Franchisor Stability Risks
Start HereDisclosure of Franchisor's Financial Instability
High Risk
Explanation
Owl Be There Franchising, LLC’s (OBT) audited financial statements reveal significant financial weakness. For the fiscal year ending June 30, 2024, the company had a net loss of over $159,000 and a negative net worth (member's deficit) of over $222,000. This financial condition raises questions about its ability to support franchisees long-term.
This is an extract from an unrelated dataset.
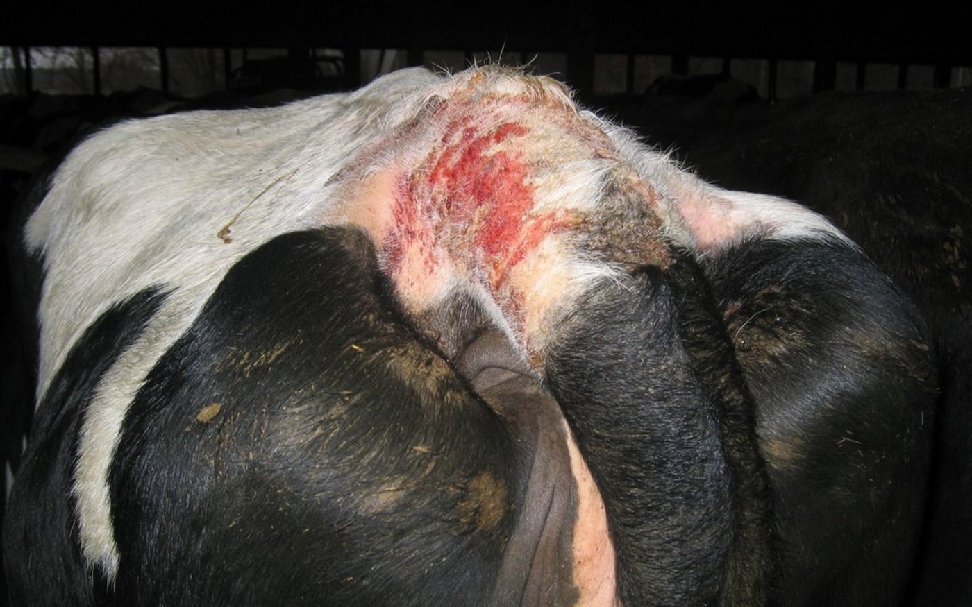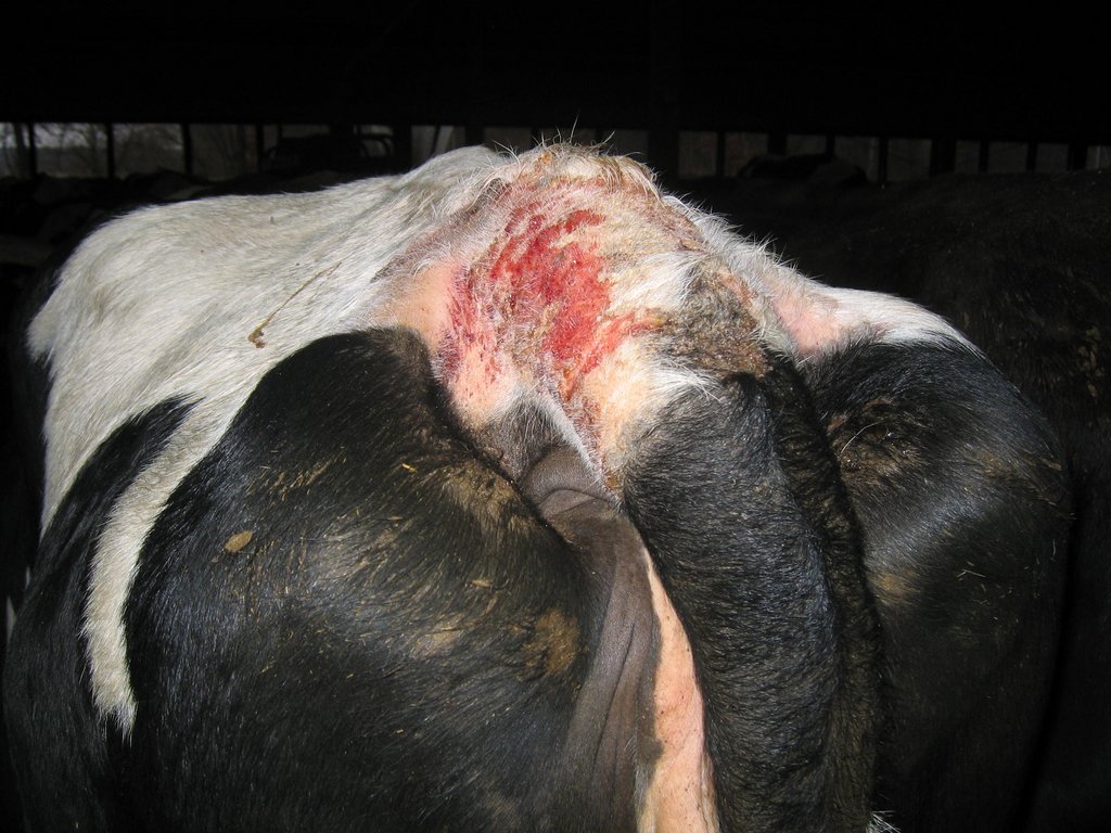 Die Räude können verschiedene Milbenarten verursachen, die auf oder in der Haut parasitieren. Eine Infektion führt bei den betroffenen Rindern zu Hautveränderungen wie starkem Juckreiz, Haarausfall und blutigem Wundscheuern. Wird der Befall nicht behandelt, kommt es zu starker Krustenbildung und Hautverdickung. Diese Veränderungen sind am Schwanzansatz, in Gelenkbeugen, an Milchspiegel und Schenkeln, am Hals und am Kopf zu finden. Durch das Scheuern und Kratzen können sich Wunden bilden, die wiederum ideale Infektionspforten für Pilzsporen (Flechten) und Bakterien darstellen.

The FDD notes reliance on non-guaranteed support from affiliates, which may not be sufficient.
Potential Mitigations
- A franchise accountant should thoroughly analyze the franchisor's financial statements, including cash flow and the nature of affiliate support.
- It is crucial to have your attorney review the state-specific addenda regarding financial assurances like fee deferrals.
- Discussing the franchisor's plan for achieving profitability with your financial advisor is a necessary step.
High Franchisee Turnover
High Risk
Explanation
The FDD discloses a high rate of franchisee turnover for such a small system. In fiscal year 2024, one franchisee terminated out of a starting base of four, representing a 25% turnover rate. For a new franchise system, such a high percentage of franchisees leaving in a single year could be an indicator of potential systemic problems, franchisee dissatisfaction, or issues with the business model's viability or support structure.
Potential Mitigations
- Contacting the former franchisee listed in Exhibit E to understand their reasons for leaving is a critical due diligence step your attorney can guide.
- A business advisor can help you assess the risks implied by such a high turnover rate in a young system.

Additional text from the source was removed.